Vapor Intrusion: Resolving liability for contaminated sites just got a little scarier
- January 19, 2012
- Paladin Law Group® LLP
- 0 Comments
By Bret A. Stone
Environmental lawyers are adept at pointing fingers and ultimately settling liability for contaminated sites based on certain projected costs. Vapor intrusion, which has been a part of the risk analysis for more than a decade, is now making a bigger impact. While new guidance for vapor intrusion at Superfund and Resource Conservation and Recovery Act (“RCRA”) sites is expected, the bigger news is that EPA and state agencies are starting to reopen sites where no vapor intrusion analysis was considered in earlier remedial decisions. The reopening of closed sites will put potentially responsible parties who thought their work was done at risk for more remedial work at these sites as well as third party claims based on alleged exposure to vapors under the citizen suit provision of RCRA or traditional common law theories, including nuisance and trespass.

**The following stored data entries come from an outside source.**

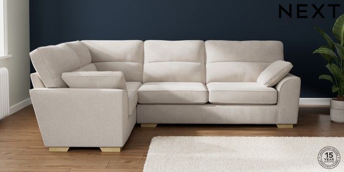 7.2.10 Stamford Highback Large Corner Sofa - Left Hand Chunky Chenille Oyster Large Square Angle - Light | Made Click here to use our website with more accessibility support, for example screen readers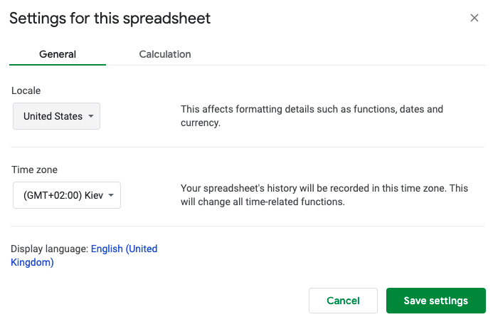 Вот еще одна мелочь, о которой ресерчеры забывают. Если вы работаете на американском маркетплейсе Amazon.com, то в настройках таблицы (spreadsheet settings) желательно выбирать локальные форматы United States: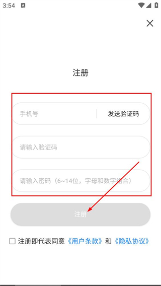 4、在注册页面,填写手机号和验证码,设置密码,点击注册完成账号注册。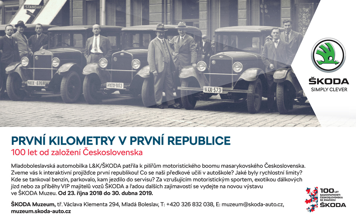 Mladoboleslavská automobilka L&K/ŠKODA patřila k pilířům motoristického boomu masarykovského Československa. Zveme vás k interaktivní projížďce první republikou! Co se naši předkové učili v autoškole? Jaké byly rychlostní limity? Kde se tankoval benzin, parkovalo, kam jezdilo do servisu? Za vzrušujícím motoristickým sportem, exotikou dálkových jízd nebo za příběhy VIP majitelů vozů ŠKODA a řadou dalších zajímavostí se vydejte na novou výstavu ve ŠKODA Muzeu. Od 23. října 2018 do 30. dubna 2019.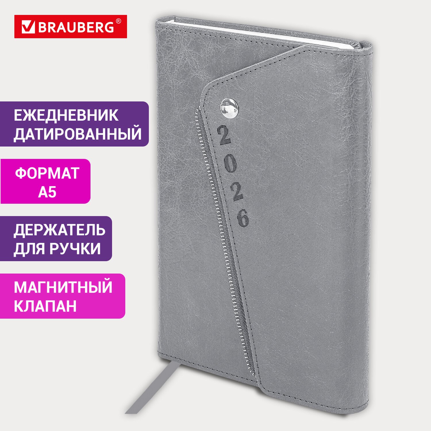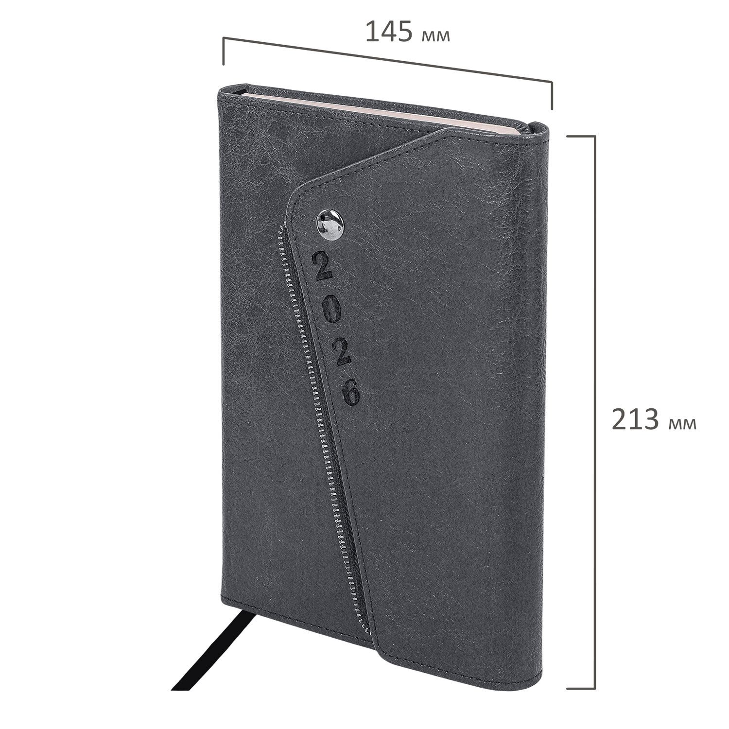 Ежедневник датированный 2026 А5 145х213мм BRAUBERG Jacket под кожу, клапан, держатель, серый, 117403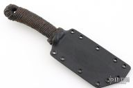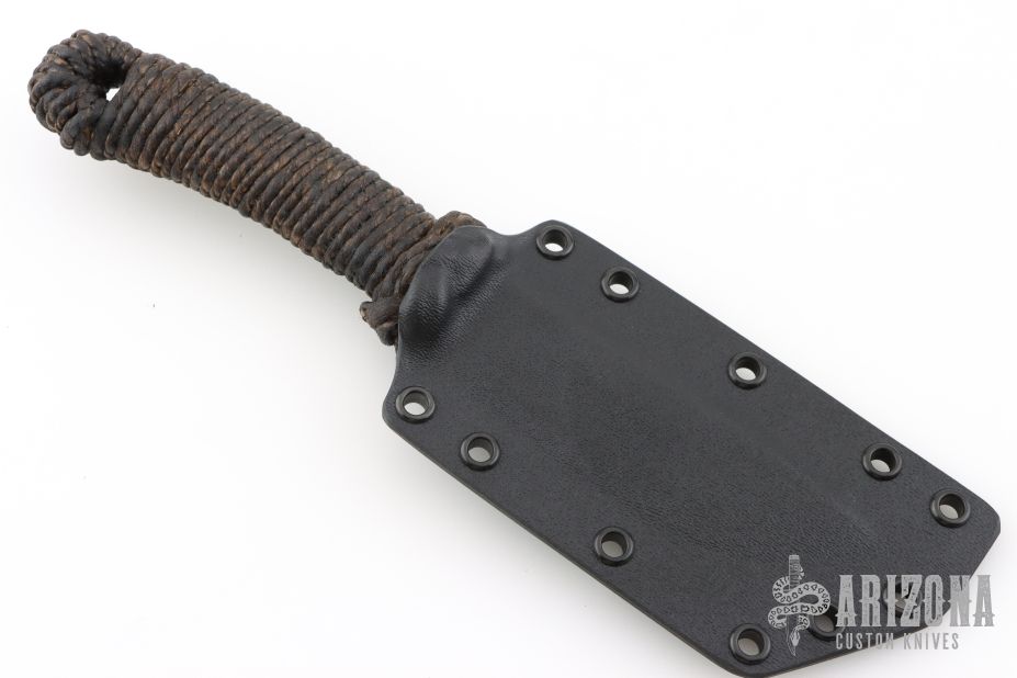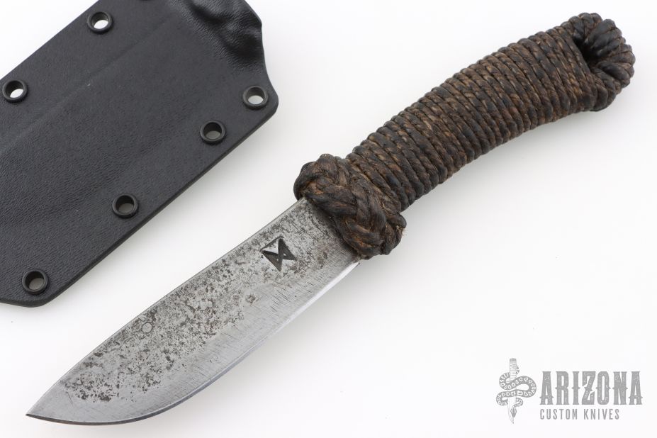This knife by James Helm features a hand forged blade, .161" blade stock and 1.218" blade depth, hidden tang construction. The handle has a hemp wrap grip that has been epoxied. Comes with a kydex sheath set up for TekLok. New from Maker at the 2025 Blade Show West!

Case and point, a Superfund site in Mountain View that was the subject of a consent decree for cleanup in 1992 just added a vapor intrusion remedy. See United States v. Intel Corp. and Raytheon Co., 91-CV-20275 (N.D. Cal.) (Dkt. 74). The site at issue involved several industrial companies manufacturing semiconductors, electronics, and other products during the 1960s and 1970s that released volatile organic compounds (“VOCs”) into the environment, primarily trichloroethylene (“TCE”), which commingled with similar releases from nearby U.S. Navy and NASA contaminant sources.
There are many engineering and institutional controls that may be implemented to respond to vapor intrusion, all of which carry significant costs. For existing buildings, the remedies include installation, operation, maintenance, and monitoring of appropriate-sized sub-slab/sub-membrane ventilation systems, where determined as necessary through indoor air and other evidence. Existing non-residential buildings can utilize the building’s indoor air mechanical ventilation systems as the remedy if the building owner agrees to use, operate, and allow for monitoring of the system. For future buildings, the remedies include installation of vapor barriers and passive sub-slab ventilation systems with the ability to make such systems active, except where the evidence shows there is no potential for vapor intrusion above the appropriate site indoor air cleanup levels.
The institutional controls include city planning and permitting requirements to require the appropriate vapor intrusion control measures in new building construction at the site and to require that EPA approve any new construction plans. The controls also include recording of covenants with owners to provide notice to future building owners of the vapor intrusion remedy and requirements; access for sampling, remedy operation and maintenance, and monitoring; and notice to EPA and the parties implementing the remedy when there are changes in ownership.
The projected costs of the vapor intrusion remedy in Mountain View? They could be as much as $24 million. Now that is scary!